Be Grateful for Subcontractor Default Insurance: SDI has not killed surety, and it has made us stronger
Now that I have your undivided attention, please allow me to elaborate before petitioning NASBP’s Board of Directors to tar and feather me and then drive me out of the industry on a rail. Most, if not all, NASBP Members would assert that they support free enterprise and market competition. However, in our heart of hearts, we may secretly long for the dominant position of surety bonds prior to the mid-1990s. We do compete for clients based on elements such as expertise, service, or underwriting terms and limits. However, we did not face product competition on public projects in the decades after passage of the Miller Act in 1935. As an aside, if you missed the Boca Raton dramatic presentation of the Congressional Hearing that led to the Miller Act, you missed the reenacting of history in the making. Several of the panelists may be in the running for nominations for Oscars or Golden Globe Awards.
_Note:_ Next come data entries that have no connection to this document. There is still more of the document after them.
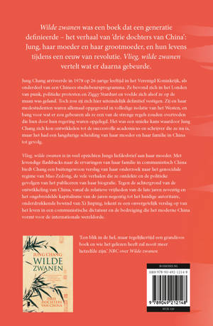 Vlieg, wilde zwanen is niet alleen een politiek boek, maar ook en vooral een persoonlijk verhaal. Het is een ode aan een moeder die haar dochter leerde vliegen, en die haar ondanks alles - stimuleerde vrij te denken. Ontroerend zijn de hoofdstukken waarin haar moeder in 1988 Londen bezoekt. Vlieg, wilde zwanen is een waardige, persoonlijke aanvulling op Wilde zwanen: een boek over vrijheid, over hoe het verleden blijft doorwerken, en over de onverbrekelijke banden met een land dat je gevormd heeft, zelfs als je er niet meer welkom bent.’ Nederlands Dagblad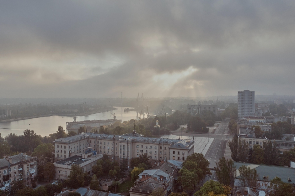 連日ミサイルが飛び、街の中心広場は立ち入りを制限する検問所が設置されていた(2022年10月、ミコライウ)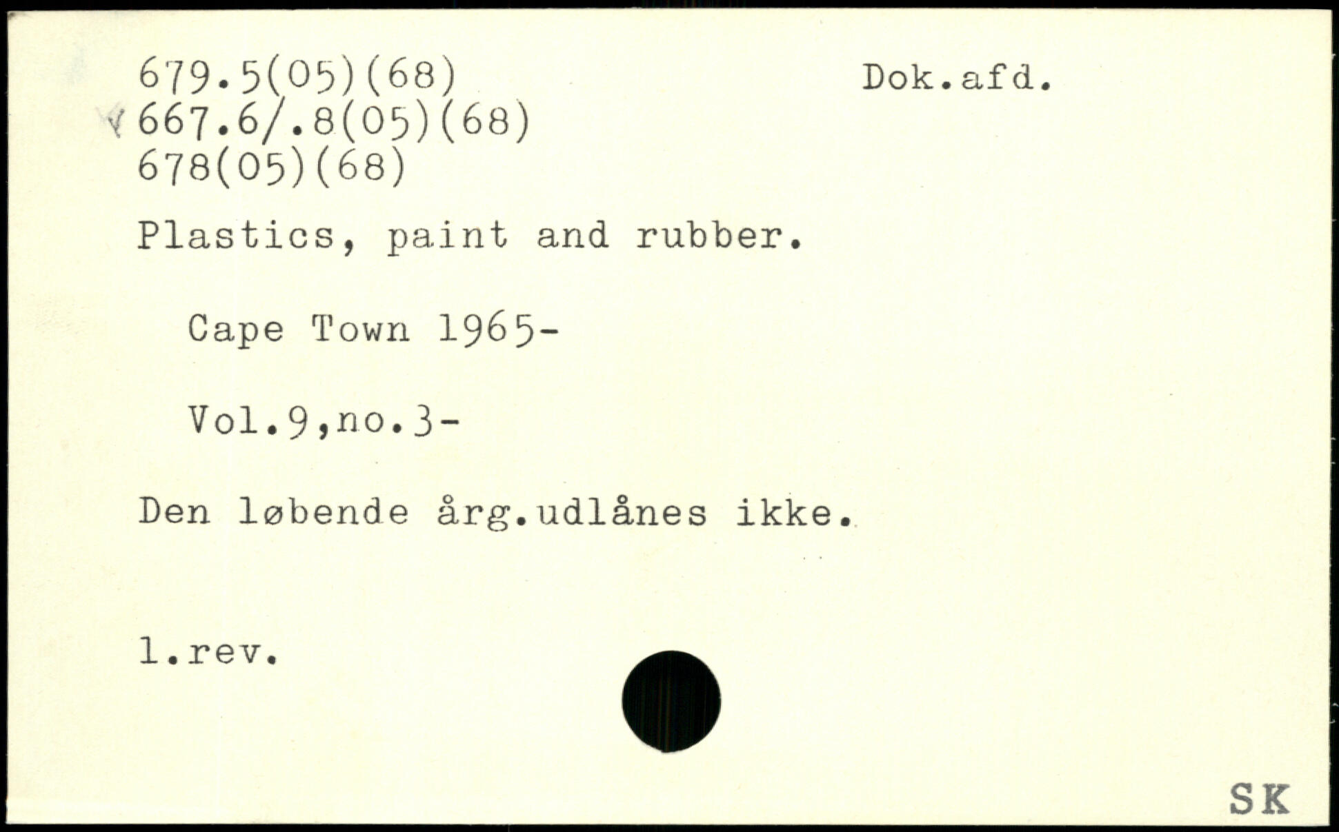 Plastics, paint and rubber. Cape Town 1965-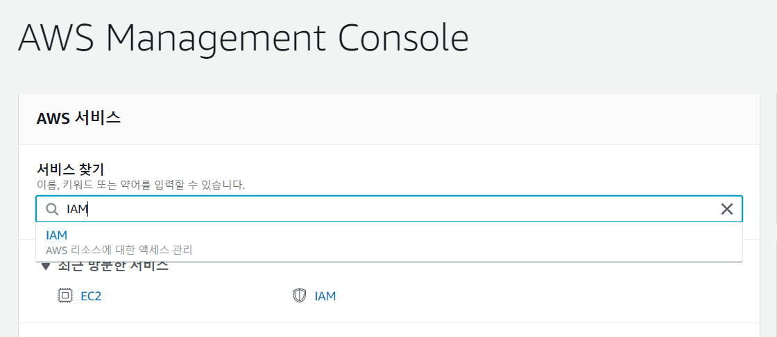 서비스 찾기에서 IAM을 검색하고, 위와 같이 나오면 클릭해서 들어가자

The reality is that the Miller Act and the subsequent Little Miller Acts in the states mandated the use of the contract surety product on public work. In addition, performance and payment bonds became the “go to” products used by prime contractors managing subcontractor risk and by private owners who wanted a guarantee of a completed and lien free project. Both bond producers and underwriting companies benefited by our unique product over the half century following the passage of the Miller Act.
Our comfortable and complacent world was shaken to the core in the mid-1990s with the introduction of subcontractor default insurance (SDI). Reactions from surety participants ranged from disbelief to denial to anger. With the passage of time, we came to realize that our product was not meeting some key issues for large, sophisticated, and well-capitalized prime contractors. Those contractors came to believe that they could self-perform or outsource the pre-qualification process. As projects grew larger, more complex, and more time sensitive, they believed SDI could respond quicker than a surety product could. Finally, those contractors saw SDI as a potential profit center if they successfully managed their subcontractor risk.
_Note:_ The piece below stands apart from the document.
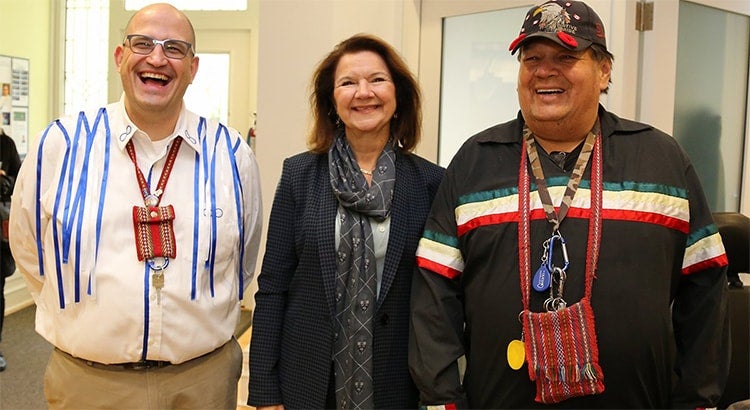 Left to right: Professor Jason Bazylak, Dean Cristina Amon and Elder Kim Running Bear McDougall at a reception following a smudging ceremony for the Centre for Engineering Innovation & Entrepreneurship, the Faculty of Applied Science & Engineering’s newest building (photo by Roberta Baker)

After more than two decades SDI can now be considered a mature risk management tool. The product is now offered by multiple companies. I believe SDI in some form will be with us for the foreseeable future.
Recent experience by some SDI providers has illustrated that the terms and conditions offered by the carriers were overly broad. They have painfully learned the danger of offering long-term guarantees. There have been reports of SDI serving as a construction defects policy. The carriers and contractors are reportedly becoming more mindful of aggregation risk. I predict that the carriers will modify their terms and conditions to mitigate these risks. Contractors may be exposed to a denial of coverage if they do not fully comply with those stricter terms. However, I repeat that surety professionals should not expect the SDI product to disappear.
In conclusion, I return to the title of this article. Why should we be grateful for the pain and anguish of competing with SDI? I firmly believe that competition sharpens our skills and drives us to analyze and improve the surety product. We now know that we operate in a dynamic, not a static, environment. We are already seeing innovation in surety bond forms that allow for construction to continue when problems arise. Other forms require the utilization of dispute resolution prior to triggering a default. On large, complex projects we may see bonds that have a liquidity feature.
NASBP Members have benefited from detailed presentations of the critical differences between bonds and SDI. As a result our members can effectively illustrate how bonds can benefit owners, subcontractors, and lenders in ways that SDI cannot.
Competition is not always enjoyable, but it demands increased professionalism and persuasive advocacy by each of us. There is an adage that states “That which does not kill us makes us stronger.” SDI has not killed surety, and it has made us stronger. I rest my case. Please cease heating up the tar and plucking feathers off that poor chicken.